Liran Levin, Avraham Zini, Jonathan Levine, Maor Weiss, Ron Lev, Daniella Chebath Taub, Avihai Hai, Galit Almoznino*

*Corresponding author for this work

Research output: Contribution to journalArticlepeer-review

27 Scopus citations


Objectives: To examine whether dental anxiety (DA) and oral health-related quality of life (OHRQoL) differ between persons with and those without chronic periodontitis. Methods: One-hundred patients with chronic periodontitis and 50 age- and- sex-matched controls were included.
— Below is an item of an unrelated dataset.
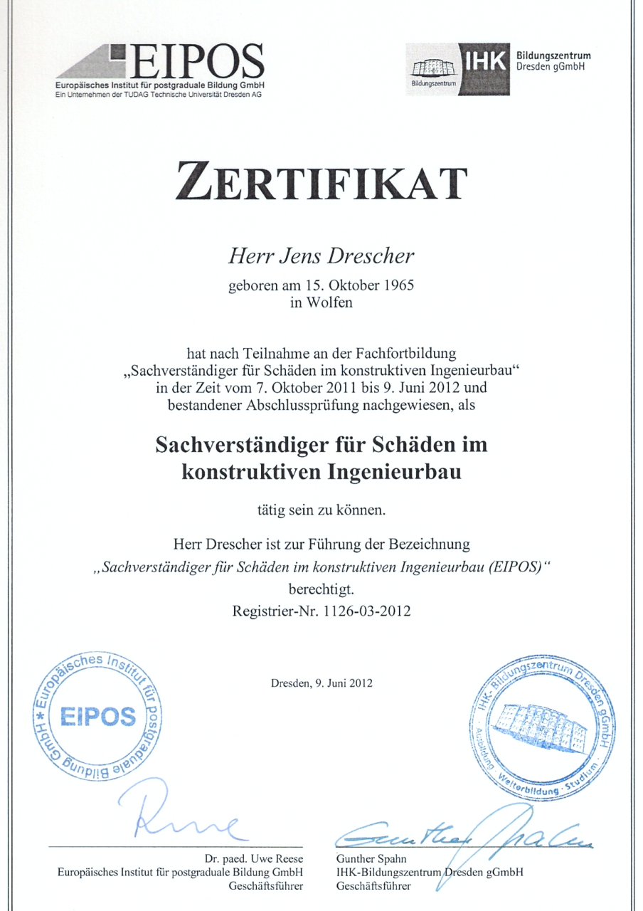 Europäisches Institut für postgraduale Bildung GmbH (EIPOS): Sachverständiger im konstruktiven Ingenieurbau
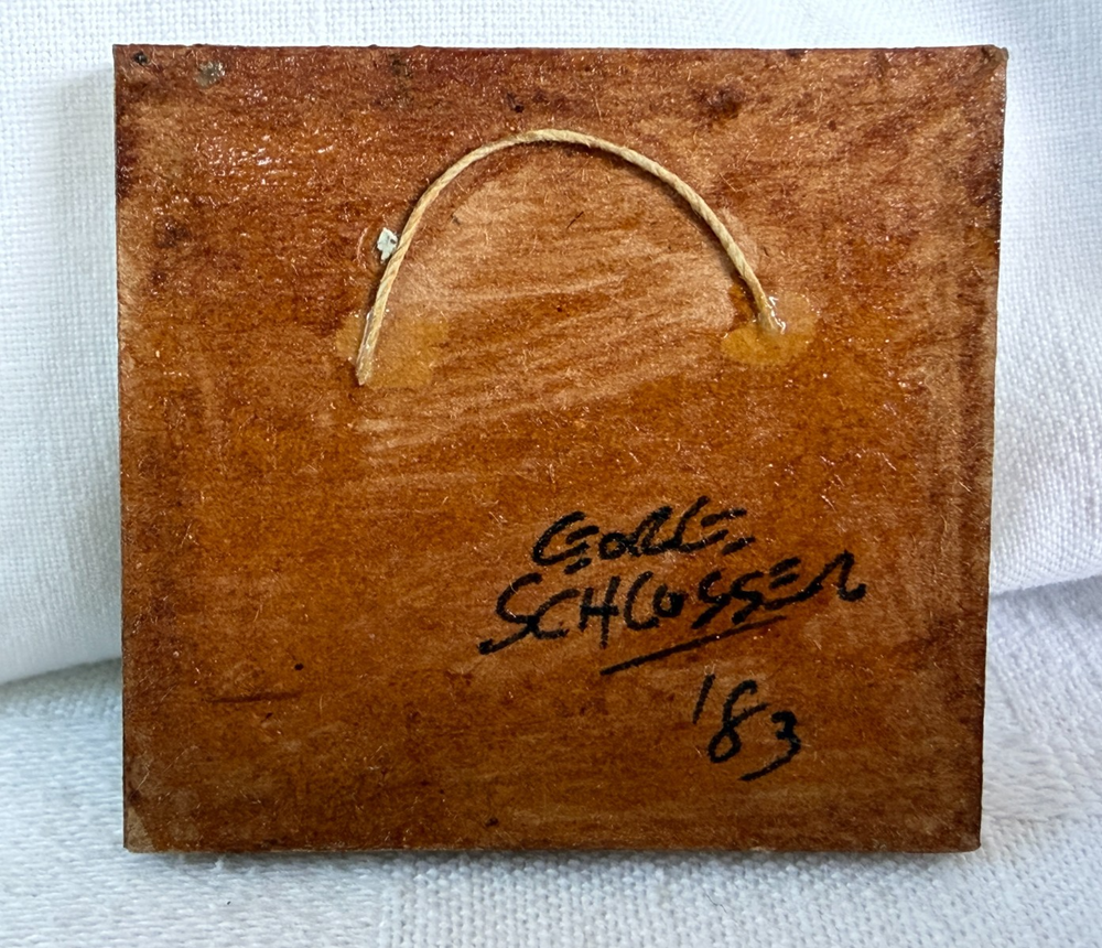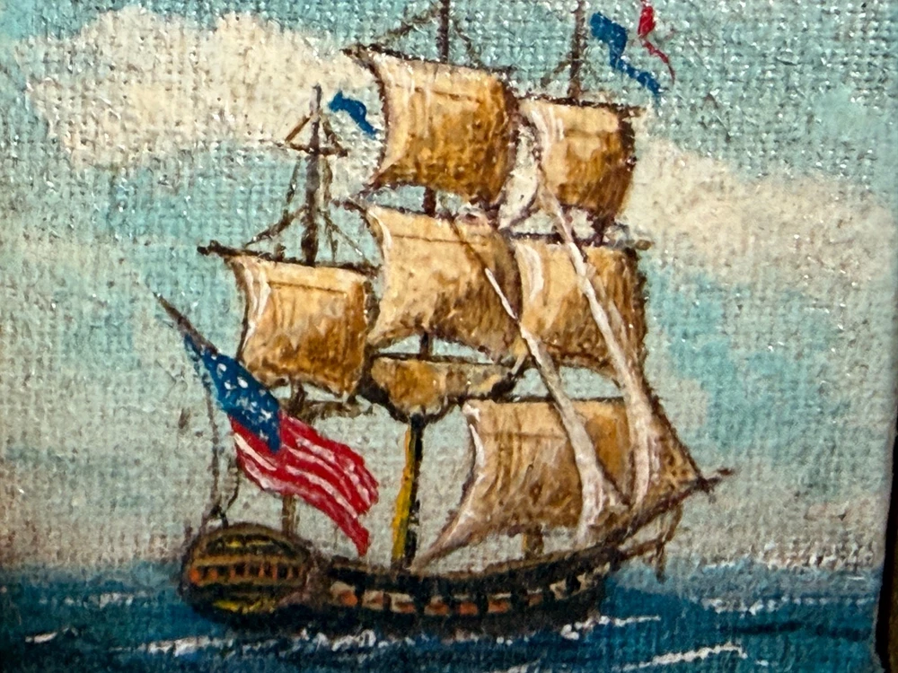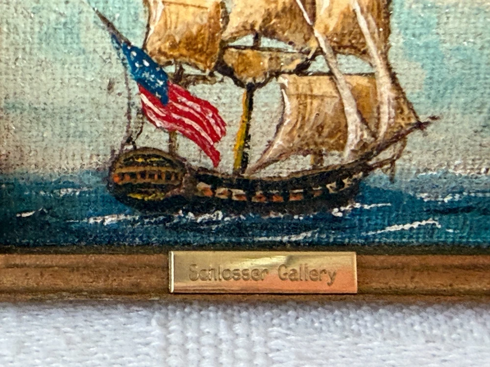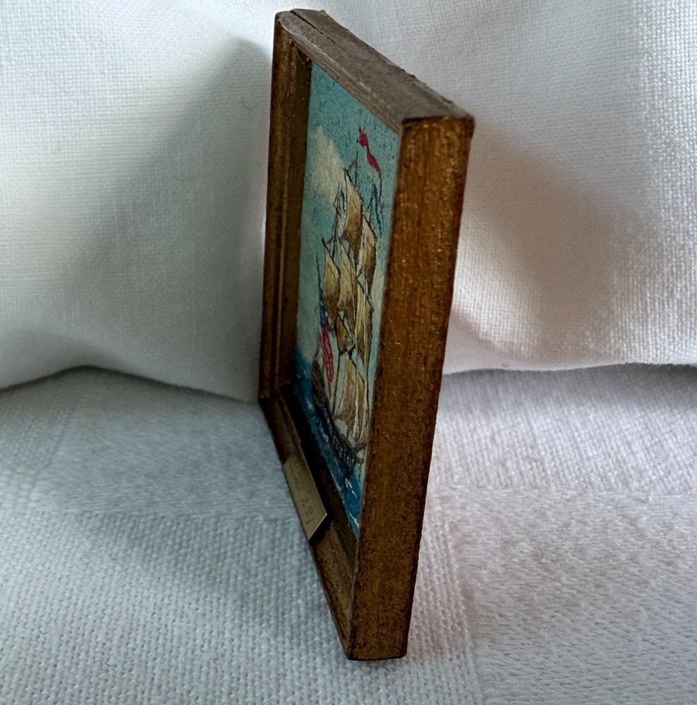 Beautiful tiny miniature oil painting depicting a square-rigged sailing ship at sea with an American flag. The back is signed and dated “George Schlosser ’83” and the front frame features a small brass name plate that reads “Schlosser Gallery.” George Schlosser is widely recognized as a notable miniature maker, and this piece fits the era and style associated with his work. Please review all photos carefully, as they are part of the description and show condition and details clearly. Measurements: Painting area: 1.75" W x 1.5" H (Note: overall framed size shown in photos with coin for reference.) (Please use the tape/coin photos for the most accurate size reference.) Condition: Signed on back: George Schlosser ’83 Brass plate on front: Schlosser Gallery Vintage condition with light surface wear consistent with age, including small scuffs/rubs to the frame Painting surface shows textured canvas weave ; no obvious major damage noted from photos Hanging loop attached on back 📬 Shipping: Carefully packed and shipped via USPS Ground Advantage. I’m happy to combine shipping on multiple items. 👉 Thanks for visiting! Check out my shop for other vintage finds. 👈

Data were collected on the following: demographics; smoking habits; Numerical Rating Scale (NRS) for dental pain assessment; Corah's Dental Anxiety Scale (DAS); Oral Health Impact Profile 14 (OHIP-14); Decayed, Missing and Filled Teeth (DMFT) index; Plaque Index (PI); probing depth (PD); bleeding on probing (BOP); and radiographic bone loss. Results: Patients with chronic periodontitis exhibited a significantly higher percentage of high anxiety and phobia compared with subjects in the control group. Furthermore, patients with chronic periodontitis were statistically significantly more likely to consider themselves as suffering from dental anxiety (68.7% vs. 14.3%, P < 0.001) as well as more likely to have fear of receiving dental injections, hearing the dental drill noise and feeling a foreign object in the mouth. Patients with chronic periodontitis exhibited worse OHIP-14 global scores as well as worse scores in the following individual domains: functional limitation (P = 0.005); physical disability (P = 0.003); psychological disability (P = 0.010); social disability (P = 0.011); and handicap (P = 0.012). Conclusions: Compared with controls, patients with chronic periodontitis had higher levels of dental anxiety and worse OHRQoL. It is important to consider dental anxiety and OHRQoL assessment as an integral component of the evaluation of patients with chronic periodontitis. Communication between dental and behavioral health professionals is needed to implement a multidisciplinary team approach involving behavioural and psychological interventions.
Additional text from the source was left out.